* **Task requirements**: Everything in the data that follows should be given again verbatim, except the images.

* **Records provided**:

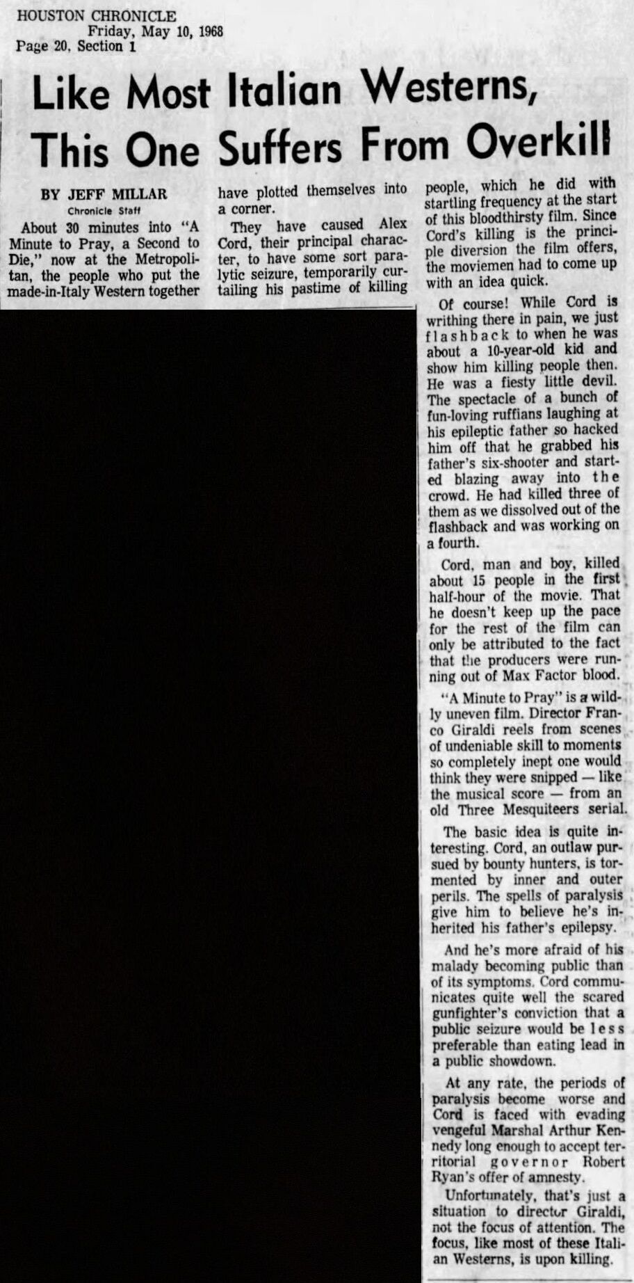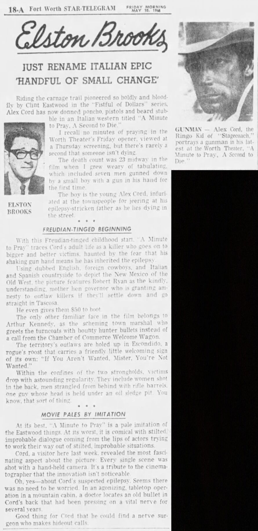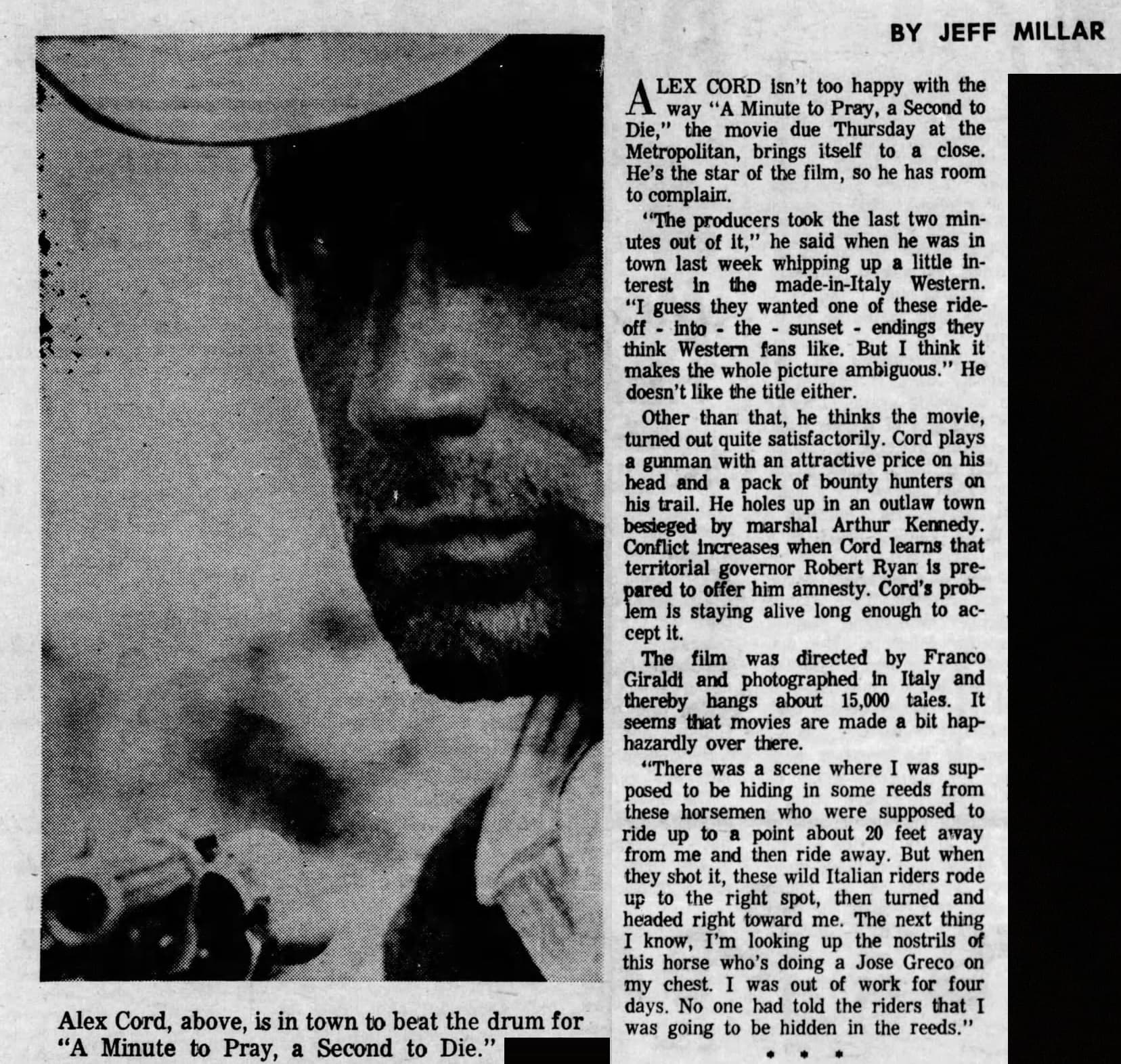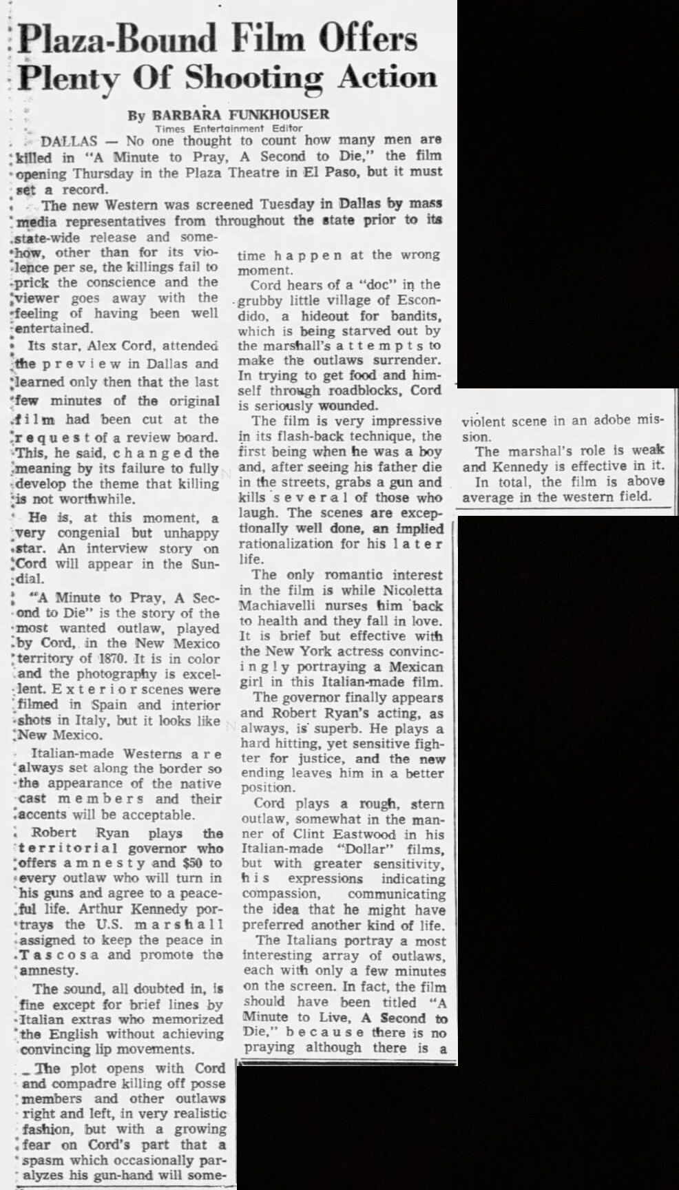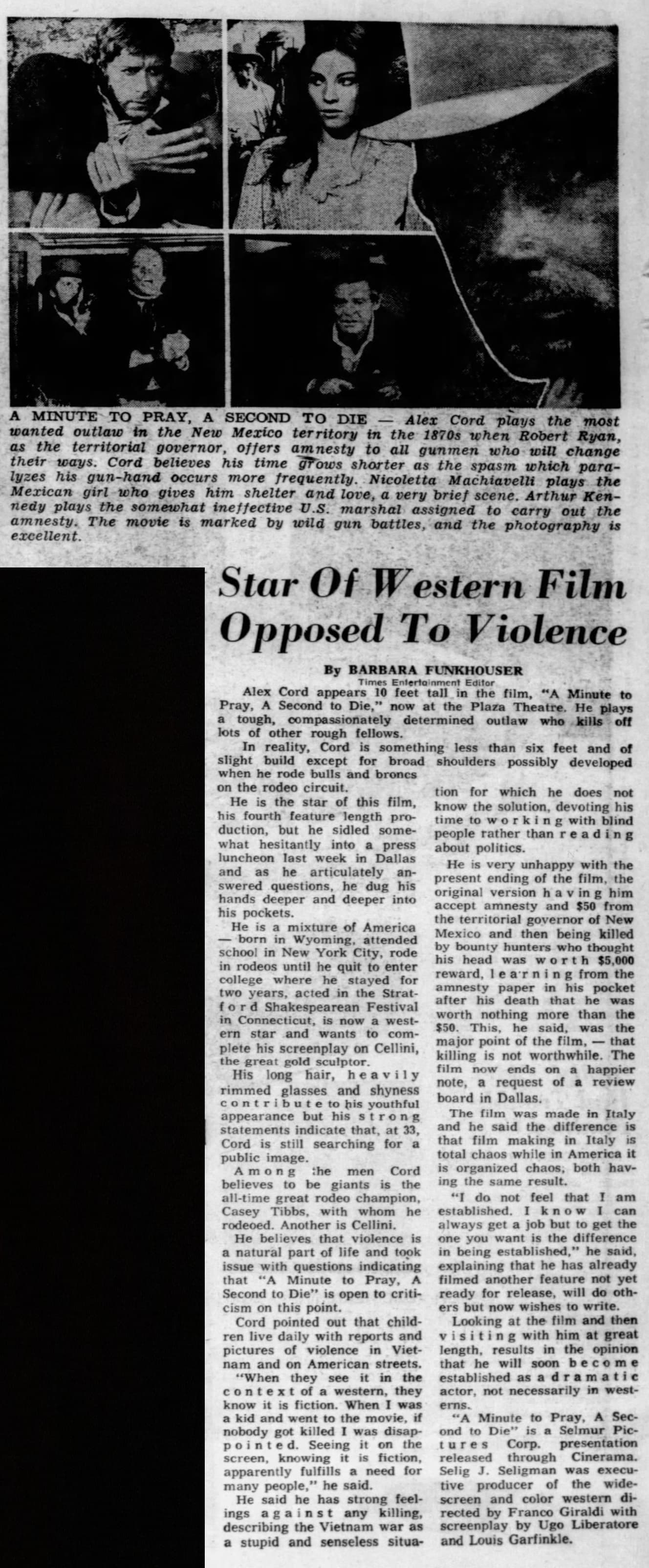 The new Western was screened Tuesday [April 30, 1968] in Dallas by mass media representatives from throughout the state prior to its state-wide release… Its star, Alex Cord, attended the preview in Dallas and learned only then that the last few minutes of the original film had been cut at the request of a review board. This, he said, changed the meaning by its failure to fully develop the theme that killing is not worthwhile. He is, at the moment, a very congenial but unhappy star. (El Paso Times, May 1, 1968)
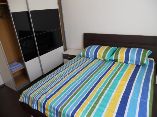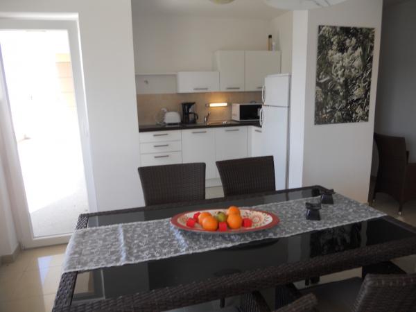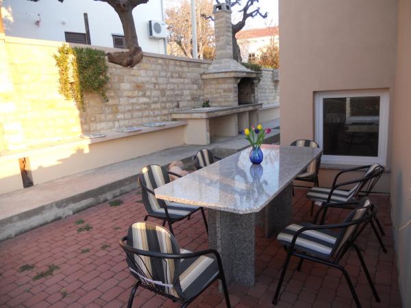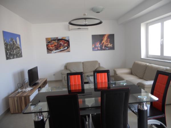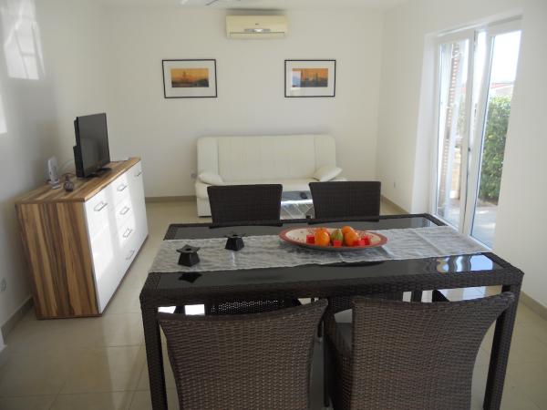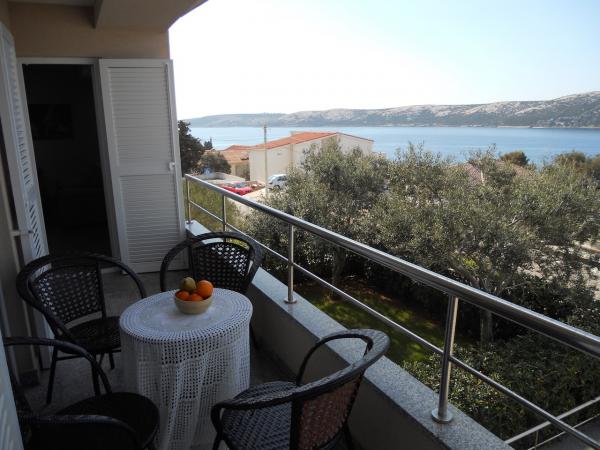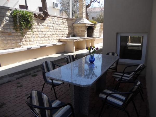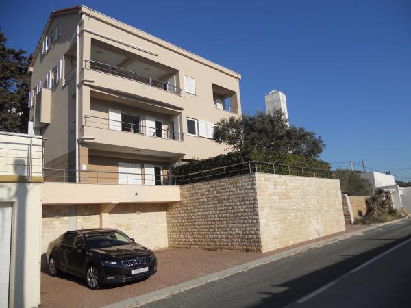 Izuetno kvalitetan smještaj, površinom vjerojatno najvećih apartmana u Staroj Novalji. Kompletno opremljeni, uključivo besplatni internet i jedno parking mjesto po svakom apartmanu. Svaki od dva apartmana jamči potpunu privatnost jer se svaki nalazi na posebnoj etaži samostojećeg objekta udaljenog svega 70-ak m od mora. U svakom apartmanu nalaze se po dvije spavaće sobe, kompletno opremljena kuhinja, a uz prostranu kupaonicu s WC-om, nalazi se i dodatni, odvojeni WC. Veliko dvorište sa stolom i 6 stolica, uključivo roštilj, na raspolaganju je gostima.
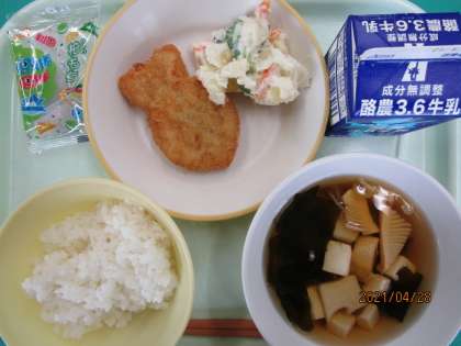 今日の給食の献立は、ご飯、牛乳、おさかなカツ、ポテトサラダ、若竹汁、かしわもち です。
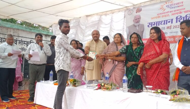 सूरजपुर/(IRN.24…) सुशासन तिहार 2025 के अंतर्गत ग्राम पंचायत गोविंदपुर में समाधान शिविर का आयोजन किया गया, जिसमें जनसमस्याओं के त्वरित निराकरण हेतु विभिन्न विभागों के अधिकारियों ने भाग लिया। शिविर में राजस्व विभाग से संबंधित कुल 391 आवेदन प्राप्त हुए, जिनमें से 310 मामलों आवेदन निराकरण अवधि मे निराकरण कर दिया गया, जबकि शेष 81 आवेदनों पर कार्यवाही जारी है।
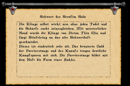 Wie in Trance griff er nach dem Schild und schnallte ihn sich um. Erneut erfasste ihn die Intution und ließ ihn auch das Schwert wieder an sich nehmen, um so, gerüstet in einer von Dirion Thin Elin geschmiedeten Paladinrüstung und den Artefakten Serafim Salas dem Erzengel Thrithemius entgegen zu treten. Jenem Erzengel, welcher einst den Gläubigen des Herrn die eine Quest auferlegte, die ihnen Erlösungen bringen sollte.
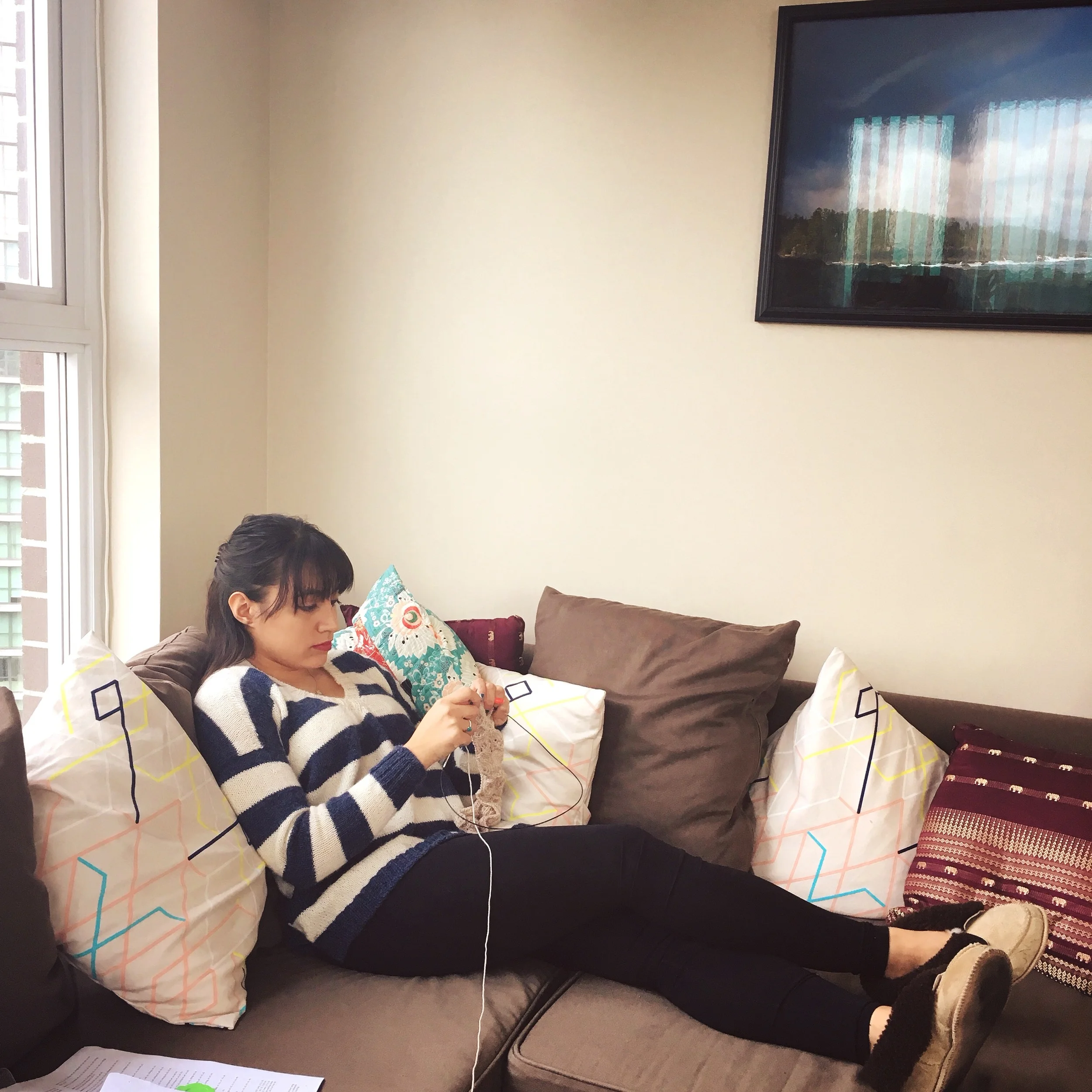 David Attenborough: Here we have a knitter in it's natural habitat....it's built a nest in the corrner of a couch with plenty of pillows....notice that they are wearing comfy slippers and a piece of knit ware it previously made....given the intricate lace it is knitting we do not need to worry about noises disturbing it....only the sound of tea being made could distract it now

* **Output for this exercise**:
 The new Western was screened Tuesday [April 30, 1968] in Dallas by mass media representatives from throughout the state prior to its state-wide release… Its star, Alex Cord, attended the preview in Dallas and learned only then that the last few minutes of the original film had been cut at the request of a review board. This, he said, changed the meaning by its failure to fully develop the theme that killing is not worthwhile. He is, at the moment, a very congenial but unhappy star. (El Paso Times, May 1, 1968)
 Izuetno kvalitetan smještaj, površinom vjerojatno najvećih apartmana u Staroj Novalji. Kompletno opremljeni, uključivo besplatni internet i jedno parking mjesto po svakom apartmanu. Svaki od dva apartmana jamči potpunu privatnost jer se svaki nalazi na posebnoj etaži samostojećeg objekta udaljenog svega 70-ak m od mora. U svakom apartmanu nalaze se po dvije spavaće sobe, kompletno opremljena kuhinja, a uz prostranu kupaonicu s WC-om, nalazi se i dodatni, odvojeni WC. Veliko dvorište sa stolom i 6 stolica, uključivo roštilj, na raspolaganju je gostima.
 今日の給食の献立は、ご飯、牛乳、おさかなカツ、ポテトサラダ、若竹汁、かしわもち です。
 सूरजपुर/(IRN.24…) सुशासन तिहार 2025 के अंतर्गत ग्राम पंचायत गोविंदपुर में समाधान शिविर का आयोजन किया गया, जिसमें जनसमस्याओं के त्वरित निराकरण हेतु विभिन्न विभागों के अधिकारियों ने भाग लिया। शिविर में राजस्व विभाग से संबंधित कुल 391 आवेदन प्राप्त हुए, जिनमें से 310 मामलों आवेदन निराकरण अवधि मे निराकरण कर दिया गया, जबकि शेष 81 आवेदनों पर कार्यवाही जारी है।
 Wie in Trance griff er nach dem Schild und schnallte ihn sich um. Erneut erfasste ihn die Intution und ließ ihn auch das Schwert wieder an sich nehmen, um so, gerüstet in einer von Dirion Thin Elin geschmiedeten Paladinrüstung und den Artefakten Serafim Salas dem Erzengel Thrithemius entgegen zu treten. Jenem Erzengel, welcher einst den Gläubigen des Herrn die eine Quest auferlegte, die ihnen Erlösungen bringen sollte.
 David Attenborough: Here we have a knitter in it's natural habitat....it's built a nest in the corrner of a couch with plenty of pillows....notice that they are wearing comfy slippers and a piece of knit ware it previously made....given the intricate lace it is knitting we do not need to worry about noises disturbing it....only the sound of tea being made could distract it now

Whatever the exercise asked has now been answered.